Thursday, December 5, 2013

Getting started with FFTW for computing the Discrete Fourier Transform

The FFTW (Fastest Fourier Transform in the West) is a library for, among other things, computing the Discrete Fourier Transform (DFT) of real data.

I have been using Scipy for computing the DFT of real data, but I have a love/hate relationship with Python so I wanted to have it working with C/C++. Additionally, my understanding is that the FFTW is supposed to have exceptional performance when computing the DFT of many arrays of the same size because it invests in an initialization step that tailors the computation to the hardware (the "plan").
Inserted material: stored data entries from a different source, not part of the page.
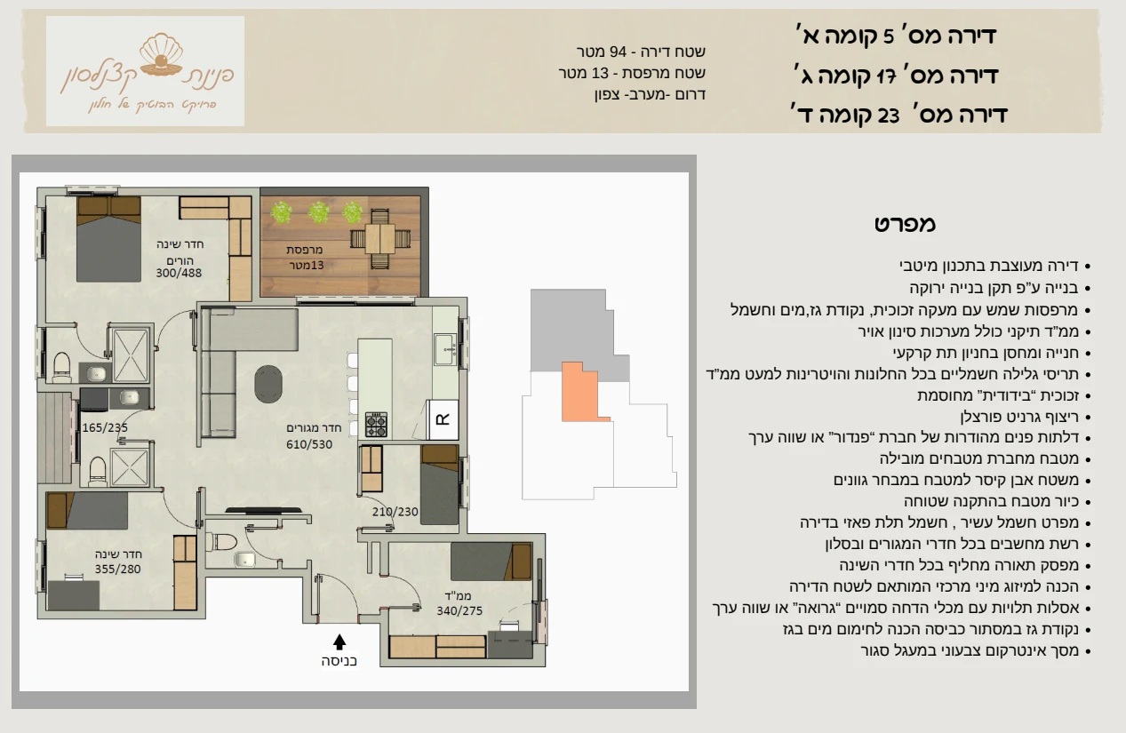 – הכנה למזגן מיני מרכזי בכל חדרי הדירה
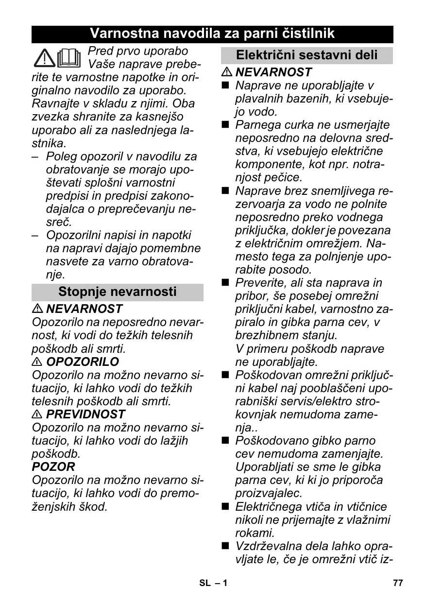 SC2 PREMIUM, SC2, SC2 EASY FIX PREMIUM, SC2 EASY FIX PREMIUM BLANC - Parni čistilec KARCHER - Notice d'utilisation et mode d'emploi gratuit
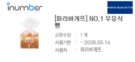 파리바게트 우유식빵 판매합니다.메뉴변경가능 위 동일상품입니다. #파리바게트 우유식빵 3,500원권-3,100원에 판매 ~2026.05.14. ***주의!!!가격인상으로 동일제품이나 더 비쌀 수 있습니다.3,500원 금액만큼 다른 케이크나 빵,음료 등 타제품으로 교환가능합니다. 입금 확인후 전송드리겠습니다. ##가격흥정답변 드리지않으니 문의하지 말아주세요~ ###기한연장불가.모바일 특성상 발송 후에는 취소.환불 어렵습니다
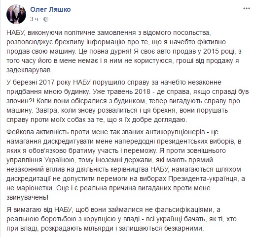 "Я свое авто продал в 2015 году, с тех пор его у меня нет и я им не пользуюсь, деньги от продажи я задекларировал. В марте 2017 НАБУ возбудило дело за якобы незаконное приобретение мной дома. Уже май 2018 - где дело, если было преступление?! Когда они обоср*лись с домом, теперь придумывают дело о машине. Завтра, когда снова развалится и эта ложь, они возбудят дело против моих собак за то, что я за ними хорошо ухаживаю. Фейковая активность против меня так называемых антикоррупционеров - это попытка дискредитировать меня в преддверии президентских выборов, в которых я обязательно буду участвовать и одержу победу. Я против внешнего управления Украиной, поэтому иностранные государства, имеющие прямое незаконное влияние на деятельность руководства НАБУ, пытаются путем дискредитации не допустить победы на выборах президента-украинца, а не марионетки. Это и есть реальная причина вымышленных против меня обвинений! Я требую от НАБУ, чтобы они занимались не фальсификациями, а реальной борьбой с коррупцией во власти - все украинцы видят, как те, кто у власти, разворовывают миллиарды и остаются безнаказанными", - написал он.
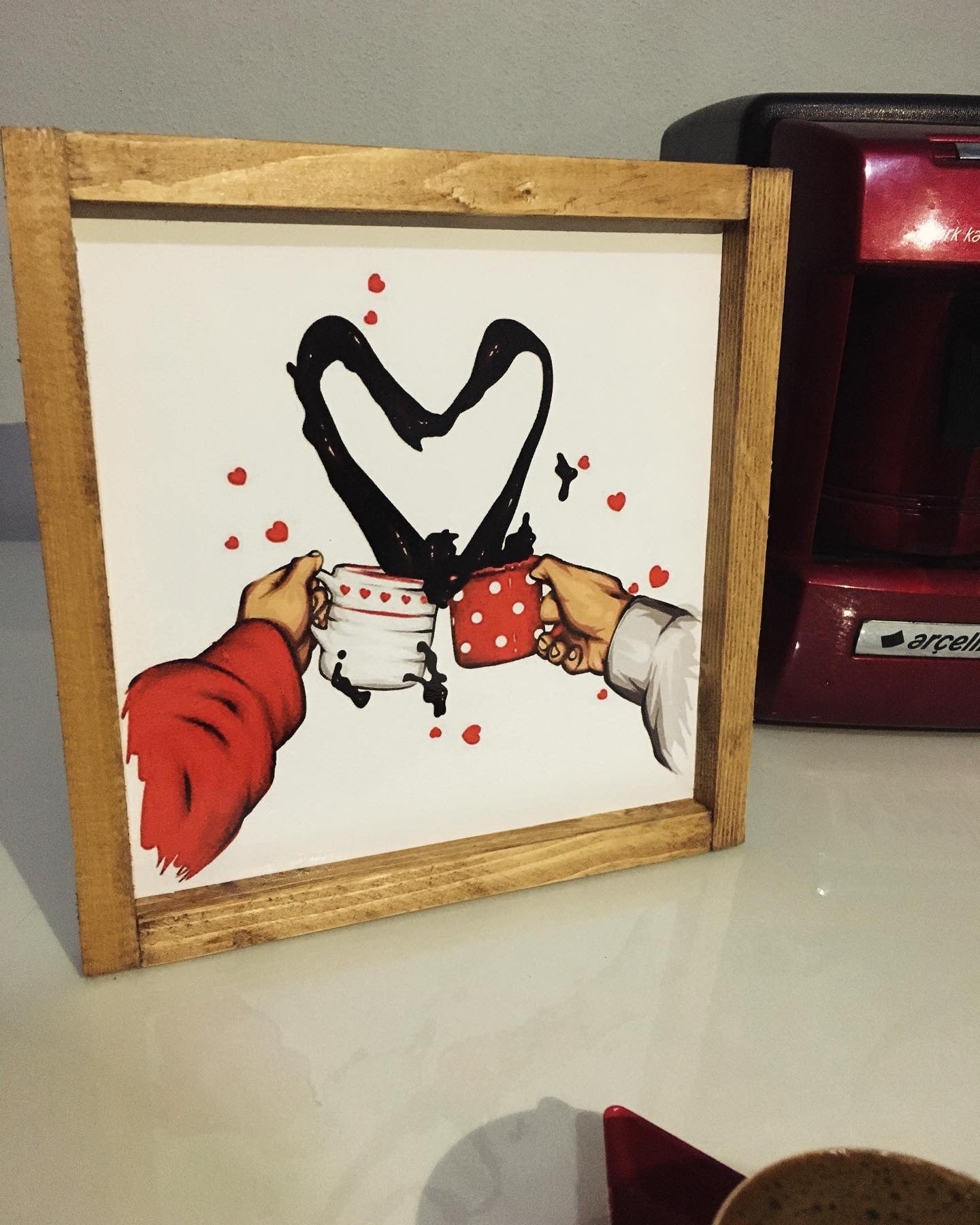 Kahve köşesi için zevkle kullanabileceğiniz tablomuz 20*20 cm ölçüsündedir.

The installation on Ubuntu 12.10 went smoothly after downloading the package from their website. The usual round of
./configure
make
sudo make install
took care of everything.

The FFTW documentation was very helpful and got me up and running. My code and Makefile are posted on Github. The code generates an array of real numbers and computes the DFT, returning an array of complex numbers in the first function, and it returns the "halfcomplex" format in the second function (check the FFTW documentation for more on the "halfcomplex" format):
$./fftw_test 
Hello from main

Hello from real2complex()

This takes in a real number array and returns a complex number array:
Input array: 
 0 0 1 1 0 0 1 1 0 0 1 1 0 0 1 1
Output array: 
 (8,0) (0,0) (0,0) (0,0) (-4,4) (0,0) (0,0) (0,0) (0,0) (0,0) (0,0) (0,0) (0,0) (0,0) (0,0) (0,0)

Hello from real2real()

This takes in a real number array and returns a real number array:
Input array
 0 0 1 1 0 0 1 1 0 0 1 1 0 0 1 1
"Halfcomplex" output array: 
 8 0 0 0 -4 0 0 0 0 0 0 0 4 0 0 0
Power spectrum
 0 0 0 5.65685 0 0 0
Frequencies of spectrum 
 0.0625 0.125 0.1875 0.25 0.3125 0.375 0.4375
Please let me know if you find any errors, and use the code at your own risk; my theoretical understanding of the DFT certainly isn't reliable!